Мать, стоявшая у окна, метнулась к постели:

– Сыночек! Неужели Господь сжалился над нами?!

Врач, из немцев, явившийся после полудня, сказал, удовлетворенно потирая руки:

– Могу сказать совершенно точно, что теперь он не умрет. Обо всем же остальном известно только Богу.

“Остальное” – были неподвижные ноги, закованные в лубки и настойка опия, ставшая более необходимой, чем воздух.

Лишь только действие лекарства ослабевало, боль в ногах возвращалась с неистовой силой и тогда ни мать, ни Харитон, слуга, перешедший к Сергею после смерти отца, не могли удержать несчастного страдальца, мечущегося в постели.

– Сереженька, потерпи, голубчик, – со слезами уговаривала мать, – доктор сказал, больше нельзя.

– Тогда дай водки! – хрипел он сквозь стиснутые зубы.

И мать не выдерживала. Глотая слезы, протягивала ему заветную чашечку.

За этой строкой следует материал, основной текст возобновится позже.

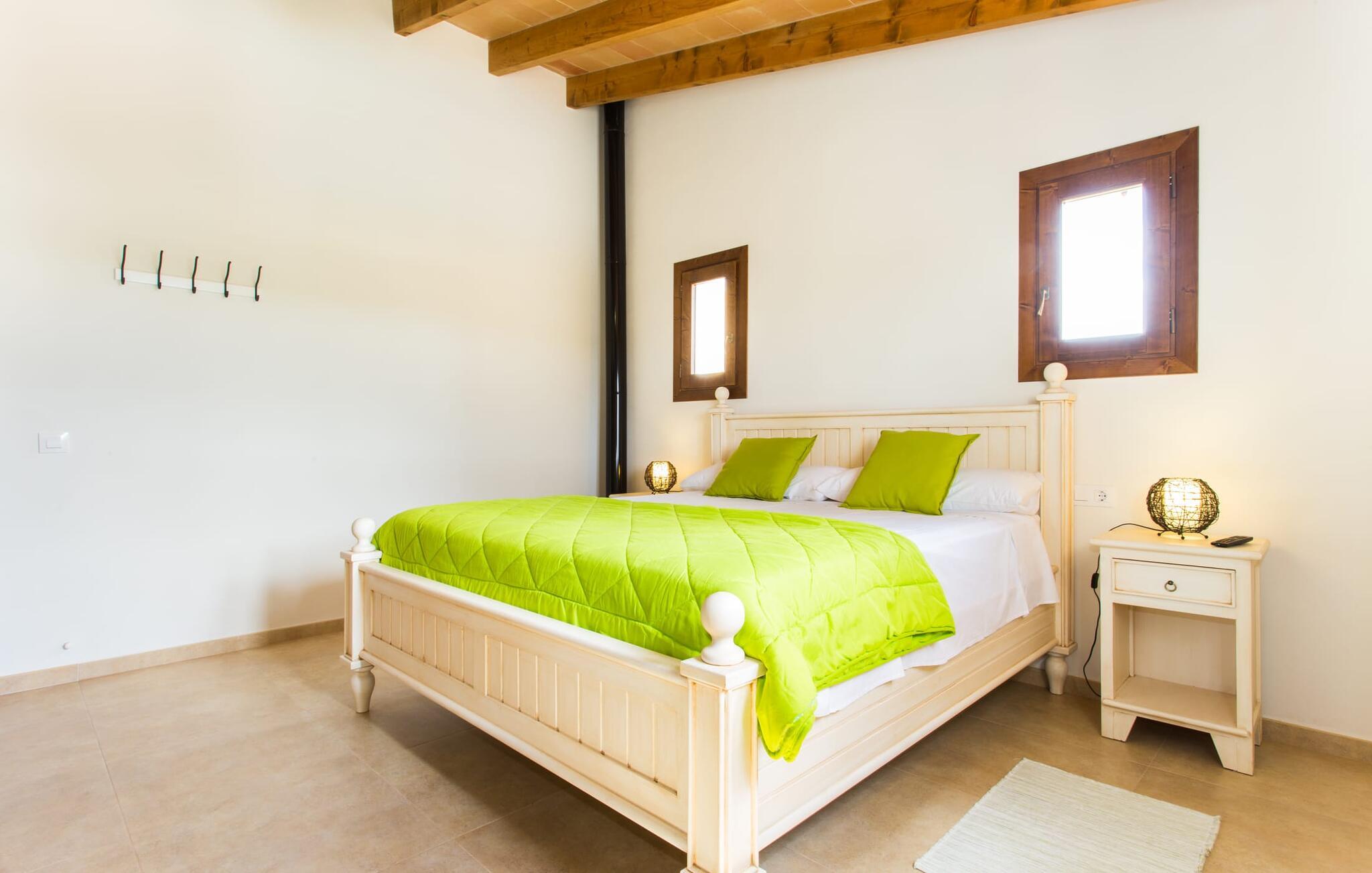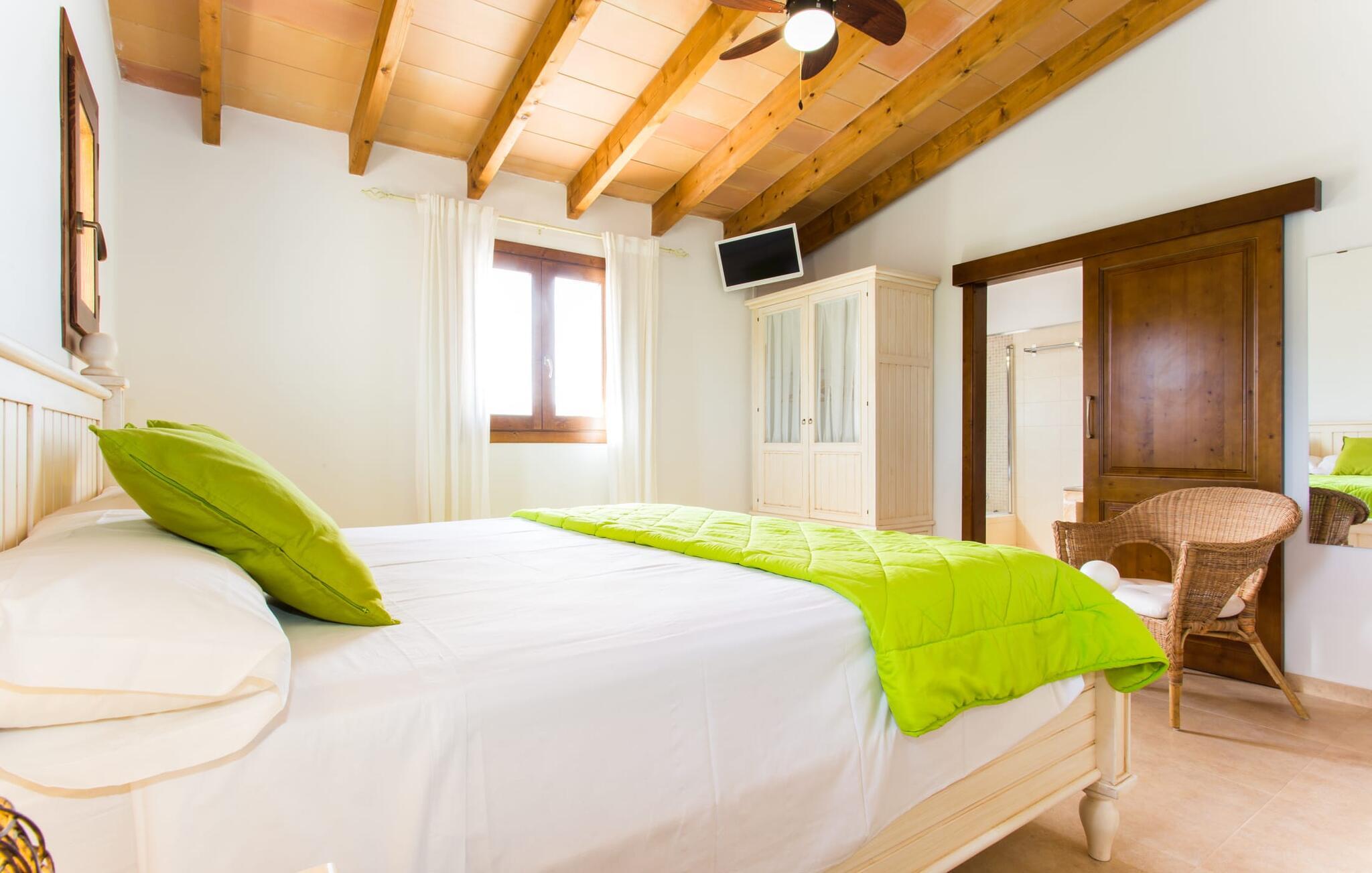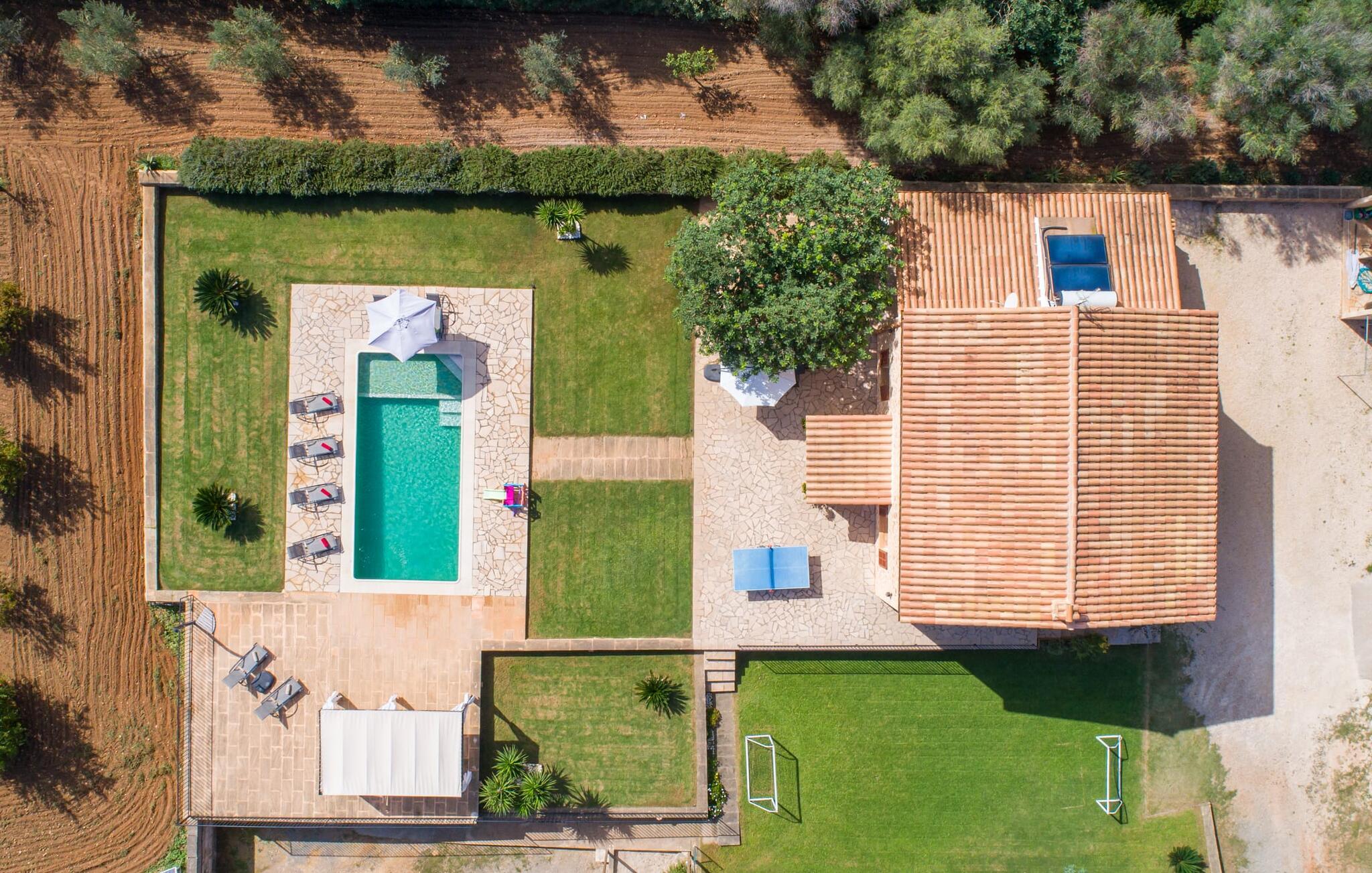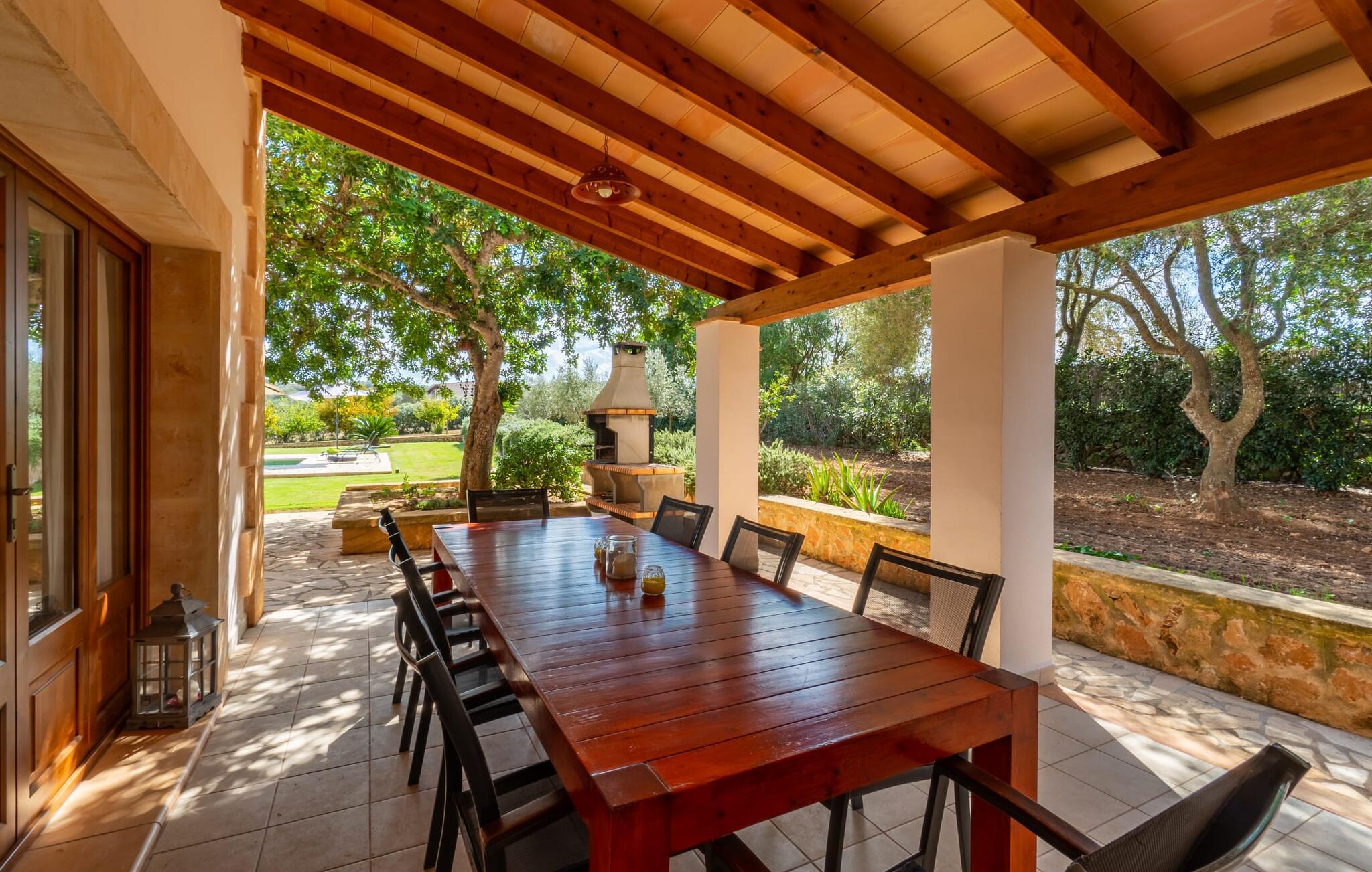 Det charmerende feriehus "Son Duri" nær Manacor er beliggende i rolige landlige omgivelser, omgivet af fladt landskab. Det næsten trinløse, rummelige udendørsareal har en rummelig græsplæne, der indbyder til leg og afslapning. Skyggefulde legeområder byder de små gæster varmt velkommen. Poolen har nem adgangstrin og et bredt siddeområde og kan sikkert indhegnes, hvis det ønskes. Solterrassen, foret med en stor pavillon og komfortable havemøbler, inviterer jer til at slappe af. En overdækket terrasse giver et hyggeligt sted til udendørs spisning, så I kan nyde måltider fra murstensgrillen, mens I holder øje med poolen. Den omfattende ejendom tilbyder en betagende udsigt over landskabet nord for Manacor og sikrer masser af privatliv. Det rummelige interiør er ideelt til en afslappende ferie med hele familien. I stueetagen finder I en lys opholds- og spisestue med siddepladser og pejs. Det moderne, veludstyrede køkken er halvåbent til spisepladsen. Der er direkte udgang til den overdækkede terrasse fra både køkken og spiseplads. Den brede bruser og døre i stueetagen gør denne del af fincaen let tilgængelig for alle. På øverste etage er der yderligere tre soveværelser med dobbeltsenge og to badeværelser. De hyggelige soveværelser byder på en smuk udsigt over det omkringliggende landskab og vinduerne kan let mørklægges med skodder. Dette dejlige feriehus nær Manacor tilbyder også pålidelig mobiltelefonmodtagelse, god WiFi og et skrivebord. Den moderne villa "Son Duri" ligger på en kæmpe ejendom på den østlige del af øen, omkring 60 km fra lufthavnen. Det er centralt beliggende, små byer og strande er i nærheden.
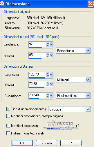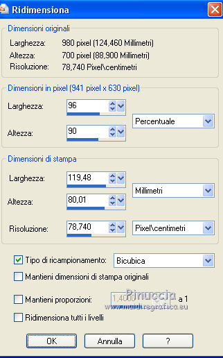 Immagine>Ridimensiona - 96 x 90%, tutti i livelli e mantieni proporzioni non selezionato.
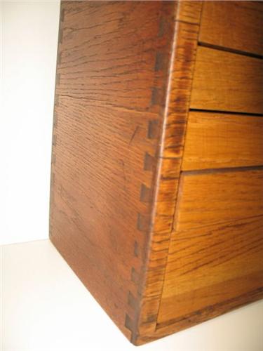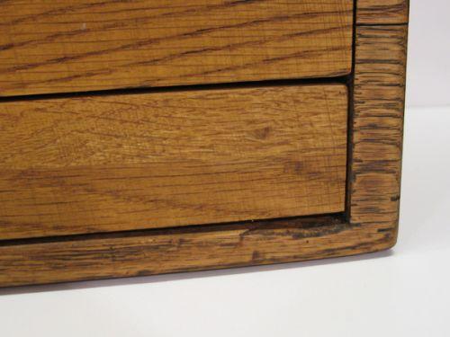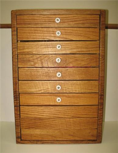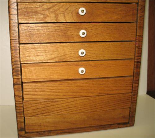 OAK SEWING CHEST. Has 10 drawers and dovetailed casing. Has recently been refinished. Newly replaced porcelain drawers on top 7 drawers and bottom 3 drawers have no knobs. 14.75” W, 20.25” H, 9.5” D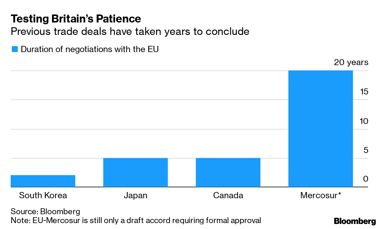 Days to General Election: 16What's Happening? However the U.K. general election plays out, a no-deal Brexit is still on the cards. The specter of a no-deal Brexit hasn't gone away. In fact, there are four ways the upcoming general election could revive the risk of an abrupt U.K. split from the European Union. Only one election outcome gives Boris Johnson a clear path to get his Brexit deal approved in the timescale he wants. - Conservative Majority: If Johnson's Tories win more than 325 seats they will form the next government. Johnson will aim to pass his Brexit deal swiftly and formally leave the EU by Jan. 31. He then has 11 months to negotiate a trade agreement with Brussels — a goal many observers say will be hard to meet. No-Deal Alarm: Dec. 31, 2020.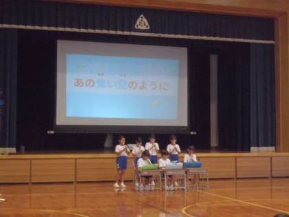 写真(中)3年生は、鍵盤ハーモニカとリコーダーでの合奏を発表しています。他にも、3年生はフラフープやダンスなども発表しました。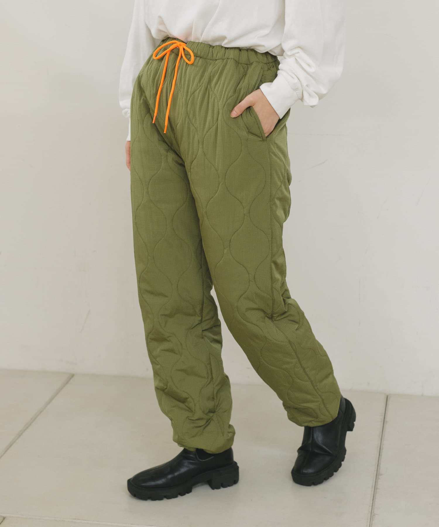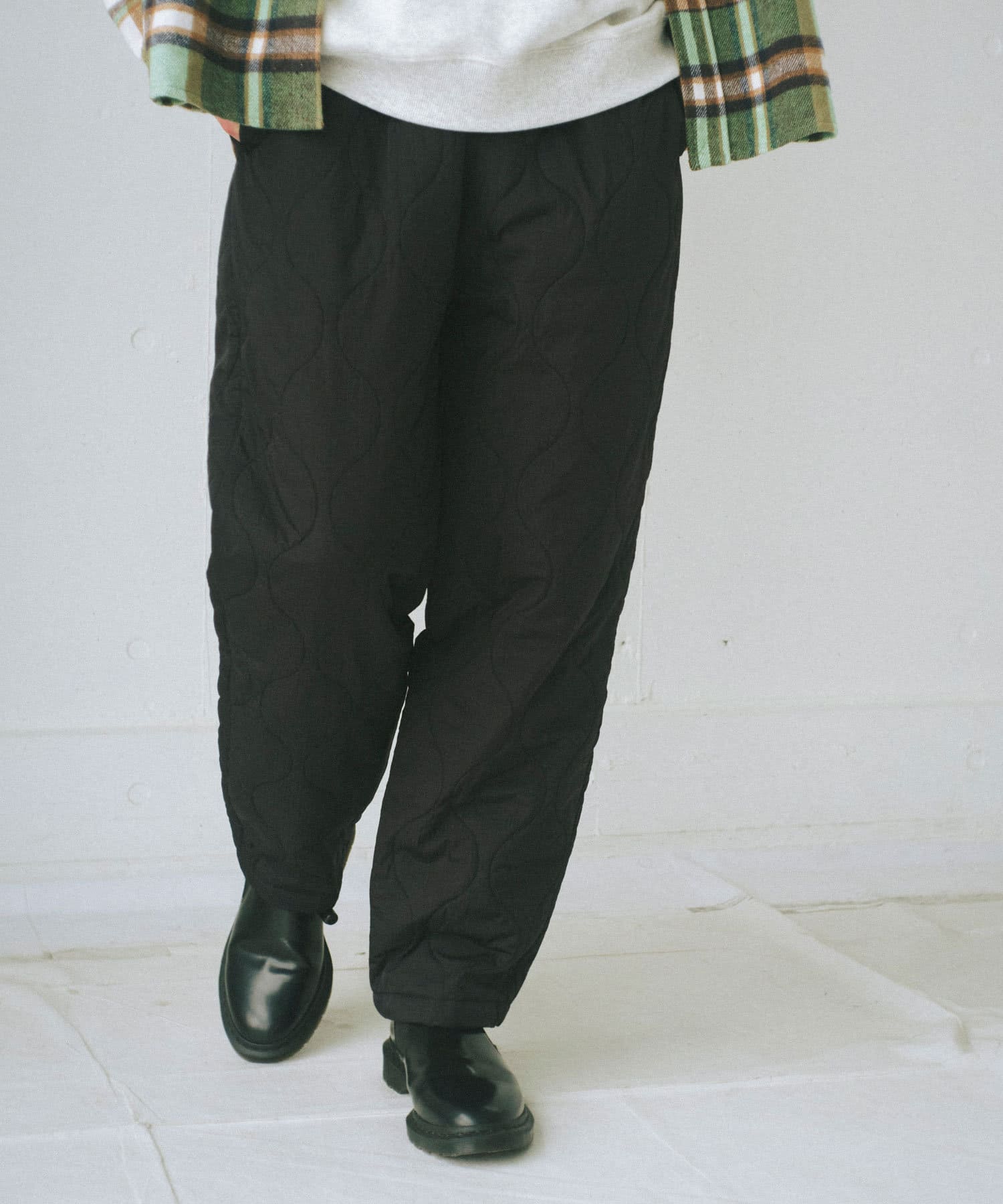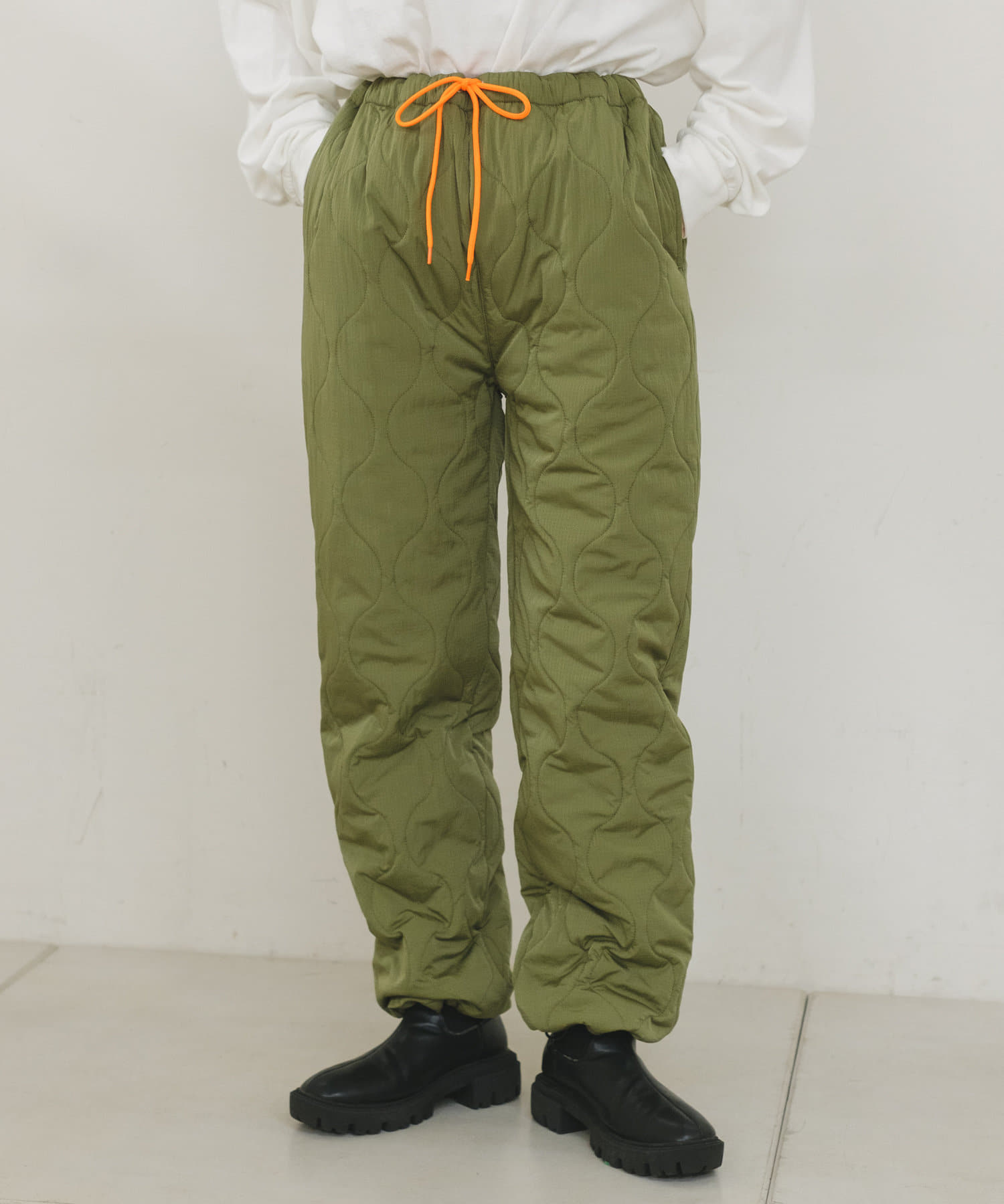 程よい中綿のボリュームで防寒性と軽量性のある中綿キルティングパンツです。

Так продолжалось довольно долго. Сначала, в своем полусонном забытьи, Сергей только отмечал присутствие той самой девушки. Он не спрашивал о ней, а лишь лениво провожал взглядом из-под неплотно прикрытых век. Потом он ждал ее, и каждый раз со все большим нетерпением. Ее появление всякий раз совпадало с избавлением от мук. Боль, тревога, страхи отступали, оставалась лишь эта волшебная фея и ощущение безграничного блаженства. Ему казалось, что она, как некое сказочное существо, легко парит по горнице, распространяя вокруг себя радужное сияние. Все восторженные юношеские мечты Сергея о любви отразились в охватившем его чувстве. “Я обожаю тебя, мой ангел!” – пело его сердце, утопая, захлебываясь в счастье. Если кому-нибудь случалось пройти мимо и заслонить собой сладкое видение, он вскидывался и пытался оттолкнуть преграду. “Моя! – кричало что-то в его душе. – Никому не отдам!”

Когда он в следующий раз окончательно проснулся, в комнате не было никого, кроме него и барышни.

– Ваша матушка уехала в Павино, и Харитон с нею, – сообщила она, присаживаясь в кресло, стоявшее у постели. – Воротятся не ранее среды. Михаил Матвеич в Москве. Ожидаем к Благовещенью.

– Так что ж это, никого нет дома? – Разочарованно проворчал он. Бутылка с настойкой и чашечка стояли на чайном столике у окна, куда добраться у него не было никакой возможности.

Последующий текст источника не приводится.